Clarke was somewhat surprised by the verdict.

“I typically do not try to predict the outcome of any cases that involve police abuse. I think this case was unique because I think America knew the whole world was watching and I believe those jurors knew it, too,” she said. “In addition to that we had a whole year of protests. Young people never stopped protesting and I think we had the COVID-19 factor. Typically, we are indifferent to the plight of black folks and everyone is trying to live their lives and move along. COVID-19 forced us as a nation to sit still.”

Another topic posed to the panelists focused on if they foresee the verdict from the trial impacting law enforcement policy and procedures.

“No I do not,” Clarke said. “Law enforcement practices and procedures have been around as long as Black people have been around America and we have died at the hands of police every century, every single week and nothing has changed.

“In fact, I believe within 24 hours after the Chauvin verdict there were six police shootings of Black and Brown people. I believe it was Princeton University Professor Eddie Glaude who said in the same ways we are joyful about the Chauvin verdict watch out, because the police are going to be coming back in a way we need to be prepared for. I’m hopeful, but I’m not sure that is really going to make a difference,” Clarke said.

Clarke added that what she does think will make a difference are the young people in the streets joined by the power of the ballot box.

Mummolo agreed with Clarke that he also has doubts about seeing meaningful changes to policing in the near future.

“I think in general real change is costly and difficult.

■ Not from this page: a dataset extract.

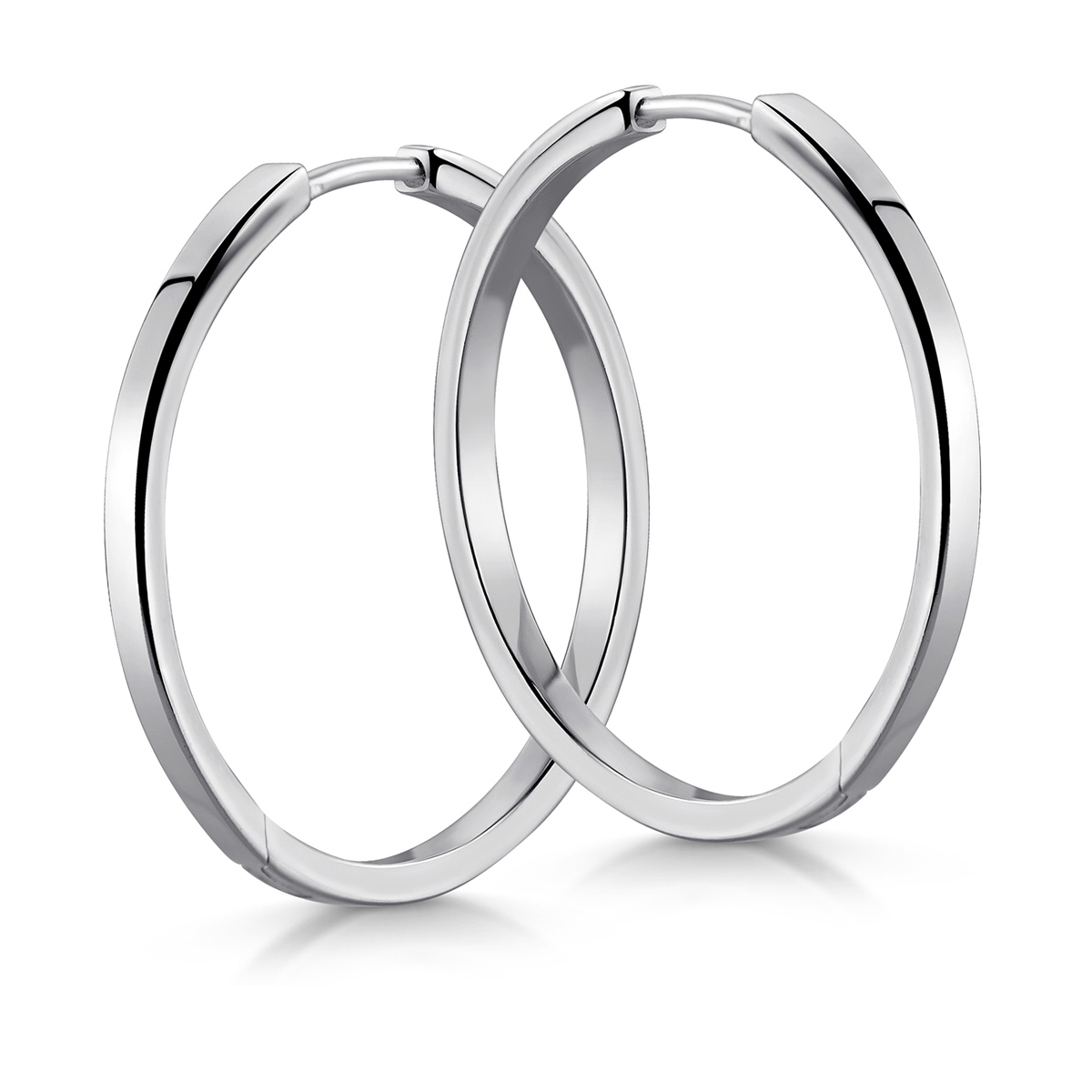 Schlichte Creolen aus rhodiniertem 925 Sterling Silber mit Klappverschluss.

Political institutions always resist it and police are definitely a political institution,” he said. “It is much easier to announce superficial change such as enhanced training or community outreach effort than to address the deep institutional problems like a lack of meaningful oversight and accountability for misconduct.

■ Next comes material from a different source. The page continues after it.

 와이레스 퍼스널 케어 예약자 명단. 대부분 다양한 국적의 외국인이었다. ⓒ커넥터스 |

“There are some positive signs. Continued widespread protests and media coverage of police-involved killings have really placed police reform on the political agenda in a more permanent way. I think the rise of cellphone and body cam footage is pivotal,” Mummolo said.

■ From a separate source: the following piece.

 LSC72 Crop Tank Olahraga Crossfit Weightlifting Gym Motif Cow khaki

During the discussion, James mentioned a point that had been raised in a prior forum he participated in about police officers leaving the job and how that is already starting to cause some fear and anxiety.

“Which, then I think can push against the thought of reform. Which goes back to the narrative that the thought of taking care of people who are in a marginalized position or marginalized identities or people who are being mistreated is for sometimes a quick moment,” he said. “Then we go back to supporting those who are in a position of power. I think that is a concern of real change could mean disrupting what we see, could mean seeing things go in a way that we might not intent or want and see people leave the job or that some people might need to check their bias. Real change is not easy and is intense and could have some sacrifices and consequences.”

Other topics raised and discussed at the roundtable included Chauvin’s sentencing and charges; legislation; what precedent they anticipate this case will set for future police involved trials; and the mental, emotional and psychological effect of communities witnessing events such as killing of George Floyd over time.

Editor’s note: As of press time, reports stated Chauvin’s lawyer was calling for a retrial based on the failure to sequester the jurors.